Meta recently announced a long-term research partnership to study the human brain. According to the company, it intends to use the results of this study to “guide the development of AI that processes speech and text as efficiently as humans.”
This is the latest in Meta’s ongoing quest for the machine learning equivalent of alchemy: generating thoughts from speech.
The big idea: Meta wants to understand exactly what goes on in people’s brains when they process language. Then it will somehow use that data to develop an AI capable of understanding speech.
According to Meta AI, the company has spent the past two years developing an AI system to process datasets of brainwave information to gain insights into how the brain handles communication.
Now the company is working with research partners to create its own databases.
According to a Meta AI blog post:
Our collaborators at NeuroSpin create an original neuroimaging dataset to expand this research. We will open source the dataset, deep learning models, code, and research papers resulting from these efforts to advance discoveries in both the AI and neuroscience communities. All of this work is part of Meta AI’s broader investments toward human-level AI that learns from limited or no supervision.
The plan is to develop an end-to-end decoder for the human brain.
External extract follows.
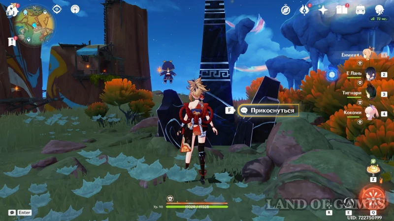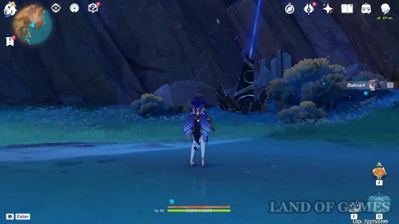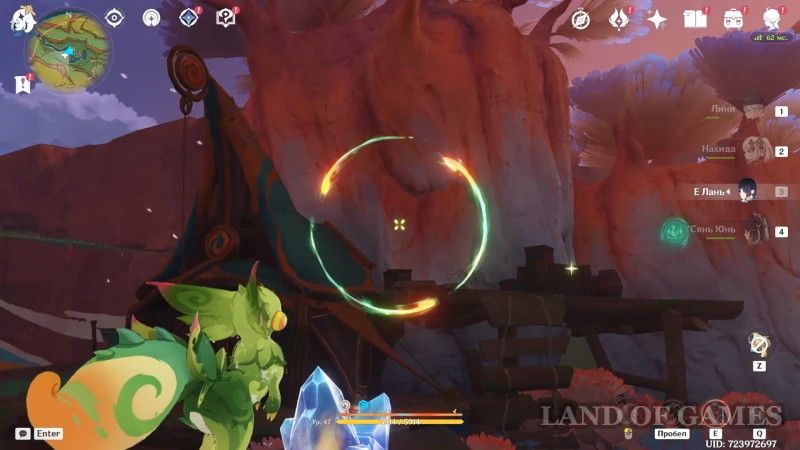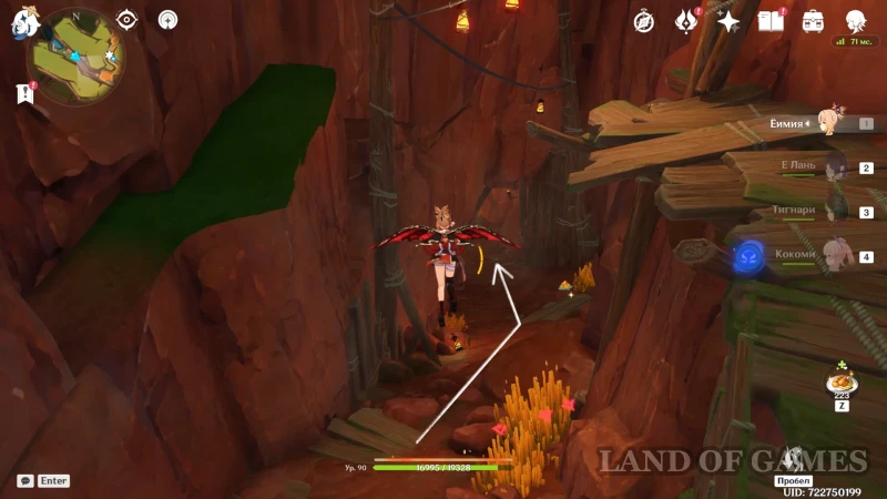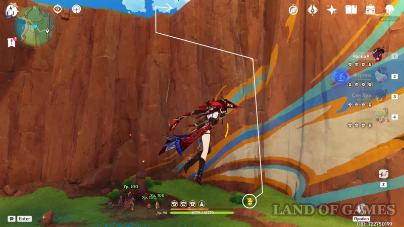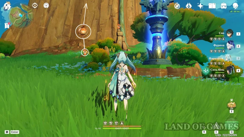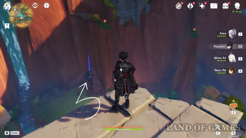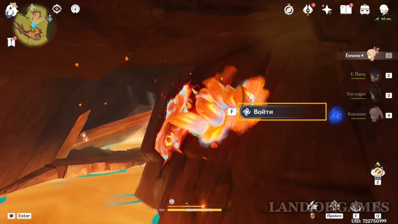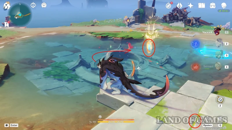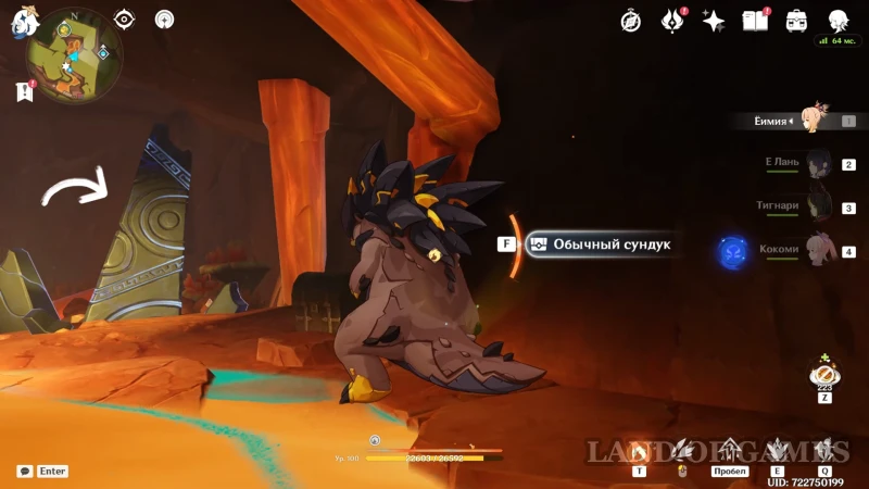 Обратите внимание на скриншот карты в начале пункта: около скалы в отмеченном месте стоит флогистоновый куб, для взаимодействия с которым придется перевоплотиться в гео-завриана (навести камеру на дракона → «Т» на ПК), либо использовать элементальные навыки Качины или Шилонен. Толкните янтарную руду, а затем пройдите испытание, процесс выполнения которого мы показали на видео ниже:

This would involve building a neural network capable of translating raw brainwave data into words or images.
That sounds pretty outlandish, but things quickly spiral into unfamiliar territory as the blog post continues under a sub-headline titled “Towards Human-Level AI”:
Taken together, these studies support an exciting possibility — there are indeed quantifiable similarities between brains and AI models. And these similarities can help provide new insights into how the brain works. This opens up new avenues in which neuroscience will guide the development of smarter AI and where AI, in turn, will help uncover the wonders of the brain.
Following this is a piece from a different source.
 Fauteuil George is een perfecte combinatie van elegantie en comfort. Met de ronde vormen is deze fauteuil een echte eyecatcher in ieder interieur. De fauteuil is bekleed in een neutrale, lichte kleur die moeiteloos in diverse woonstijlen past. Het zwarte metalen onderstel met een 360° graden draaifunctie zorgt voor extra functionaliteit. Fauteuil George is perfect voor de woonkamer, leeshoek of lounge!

Meta seems to be following in OpenAI’s footsteps here. Both companies have vested interests in developing artificial general intelligence (AGI) — or an AI that’s generally capable of doing anything a human can.
OpenAI claims AGI is its only mission, while Meta appears to be more of a dilettante while focusing on building the metaverse.
But they both go about it the same way: by trying to access it through natural language processing (NLP).
It is unclear how predicting speech from brainwaves will lead to human-level speech recognition. Just as it is unclear how GPT-3 or future text generators will lead to AGI.
It must be argued that instead of a clear goal, researchers are merely attempting to solve problems in the general realm of human understanding en route to the eventual promise of AGI.
But there’s also the idea that deep learning isn’t robust enough to sufficiently mimic or emulate the human brain to build machines capable of human thinking.
Ultimately, Meta’s work is important in developing machine learning models to analyze brain activity. It’s possible that it could be helpful in expanding our understanding of how the brain works.
But it seems a bit far-fetched to categorize the endeavor as part of the quest for machines capable of human thinking. You’re not teaching the AI to understand speech, you’re teaching it to predict brainwave activity.
Based on the accompanying research cited in the company’s announcement, it appears that Meta is no closer to finding the secret sauce that will turn data-driven insights into something provides vital heat to AI than Tesla or OpenAI is.
Tesla AI could play a role in AGI as it trains against the outside world, especially with the advent of Optimus
— Elon Musk (@elonmusk) January 19, 2022
It’s time Big Tech stopped looking at every AI advancement as a direct bridge to tomorrow’s sentient robots. And maybe it’s time to consider a different approach to AGI, too.